The first part "Julia MyKernel" is what you want to call your kernel, so feel free to change this. The second part makes sure both our packages and any you've installed in your home directory show up on the load path when you use a Jupyter Notebook with this kernel.

Python Packages

Many python packages are included in the Anaconda distribution. The quickest way to check this is to load the anaconda module, start python, and try to import the package you are interested in.

If the package you are looking to install is not included in Anaconda, then you can install it in user space- this allows you to install the package for you to use without affecting other users.

First, load the Anaconda module that you want to use if you haven’t already:

module load anaconda/2020a

Here we are loading the 2020a module with python 3.6, feel free to load any version of Anaconda you like. Then, install the package as you normally would, but with the --user flag:

pip install --user packageName

Where packageName is the name of the package that you are installing.

Note: If you are using a conda environment and would like to install the package with pip in that environment rather than in the standard home directory location, you should not include the --user flag.
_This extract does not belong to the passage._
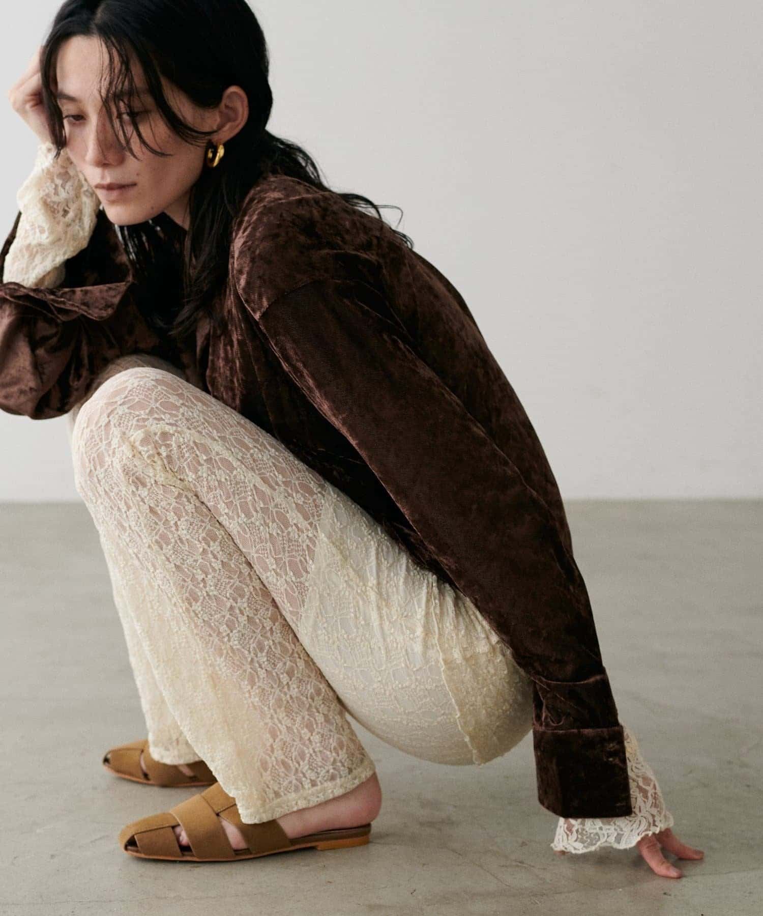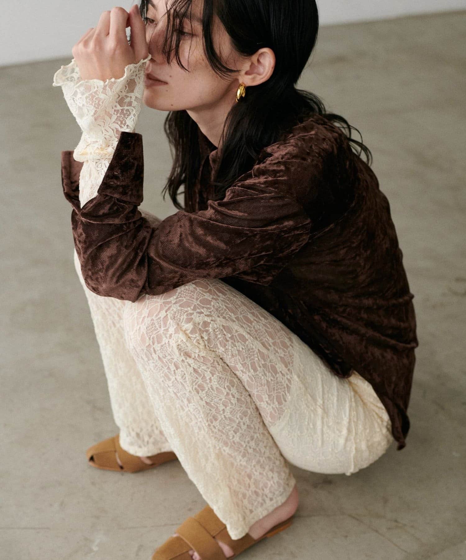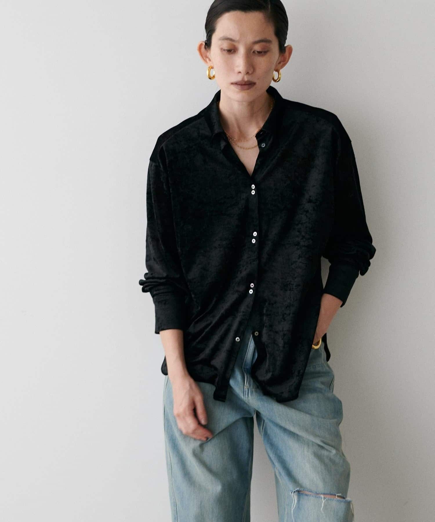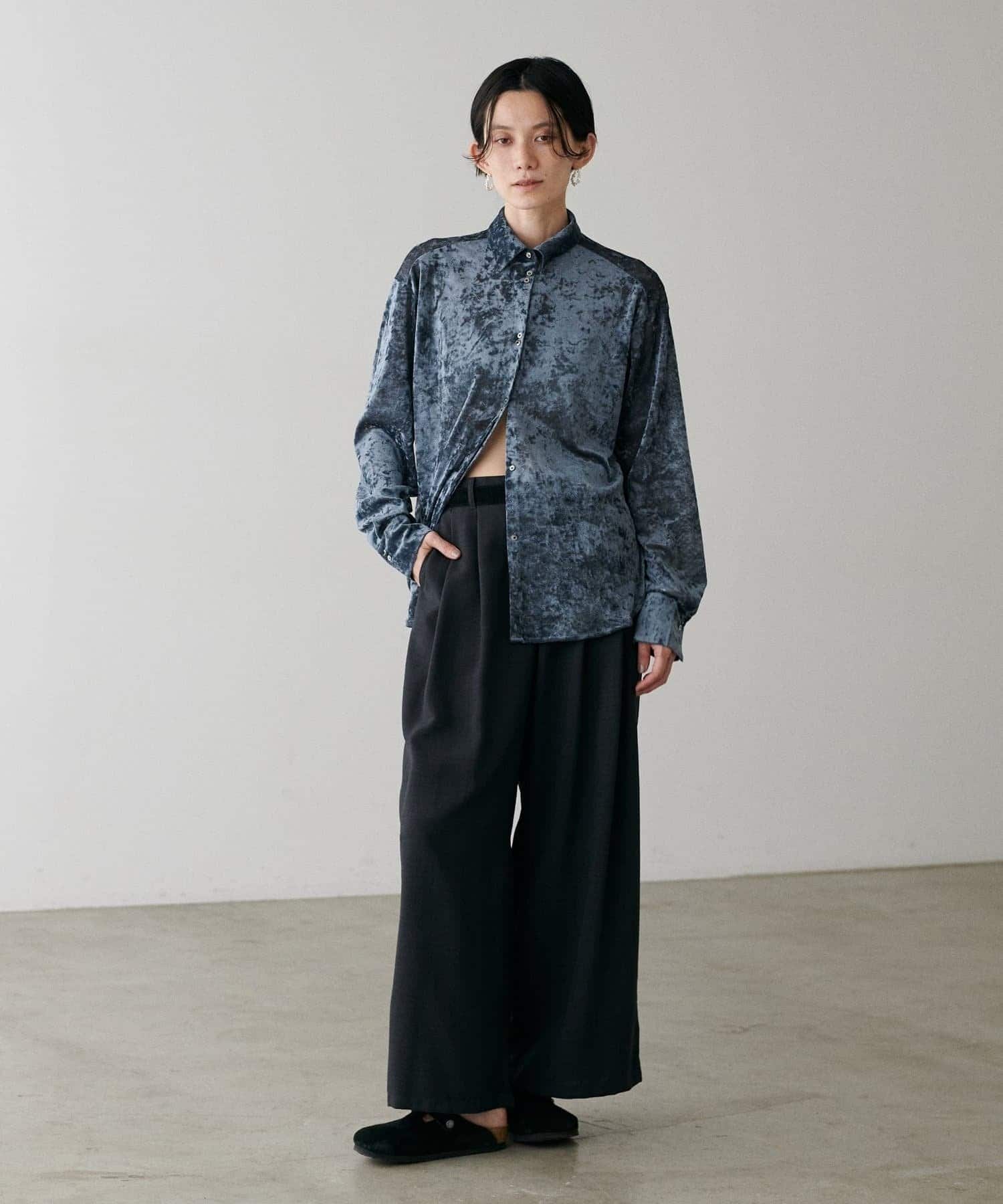 繊細な透け感が魅力のシアーメッシュ素材に、上品な光沢をまとわせたベロア調シャツ。

Further, if you are using a conda environment and want Python to use packages in your environment first, you can run the following two commands:

unset PYTHONPATH
export PYTHONNOUSERSITE=True

The first of these will make sure your conda environment packages are used before the packages installed with the Anaconda module, and the second will make sure your conda environment packages will be chosen before those that may be installed in your home directory. If you are using Jupyter, you will need to add these lines to the .jupyter/llsc_notebook_bashrc file. See the section on the bottom of the Jupyter page for more information.

R Libraries

There are two different ways we recommend that you use R. First, is using a preset R environment that comes with the anaconda module, second would be to create your own R conda environment. This first way works best if you don’t need to install any additional packages than what we already have.

To use our R conda environment, log in and load an anaconda module. Then you can activate the R environment with source activate. You can see what packages are installed with the conda list command. Any packages that start with r- are R libraries.

module load anaconda/2020a
source activate R
conda list

Then you can use R as you did before.

If you need to install additional packages, it’s best to do it in a new conda environment.

First thing to know is that many R packages are available through conda, and some are not. What you want to do is include as many R libraries that you’ll need as you can when you create your conda environment- this helps avoid version conflicts. Conda r libraries are all prefixed with r-, so for example if you need rjava, you’d search for r-rjava. You can check if conda has a library with the command: conda search r-LIBNAME, where LIBNAME is the name of the library you’re looking for. You’ll see a lot of versions, but as long as you see something you should be good to add it.

Once you have a list of all the libraries available through conda, create your conda environment (I’m calling the environment myR, feel free to change that):

conda create -n myR -c conda-forge r-essentials r-LIB1 r-LIB2…

Where LIB1, LIB2, etc are the additional R libraries you’d like to include. Sometimes this step takes a while. It’ll tell you which new packages are going to be installed, and then you can confirm by typing y.

If you have any other libraries that weren’t available through conda, install them now. First activate your new environment and then start R:

source activate myR
R

Then you can install your remaining libraries. You can do some test loads here as well, to make sure the libraries installed properly.

install.packages(“PKGNAME”)
library(PKGNAME)

In Jupyter, you should see your environment show up as a kernel. For a batch job, you’ll have to activate the environment either in your submission script or before you submit the job.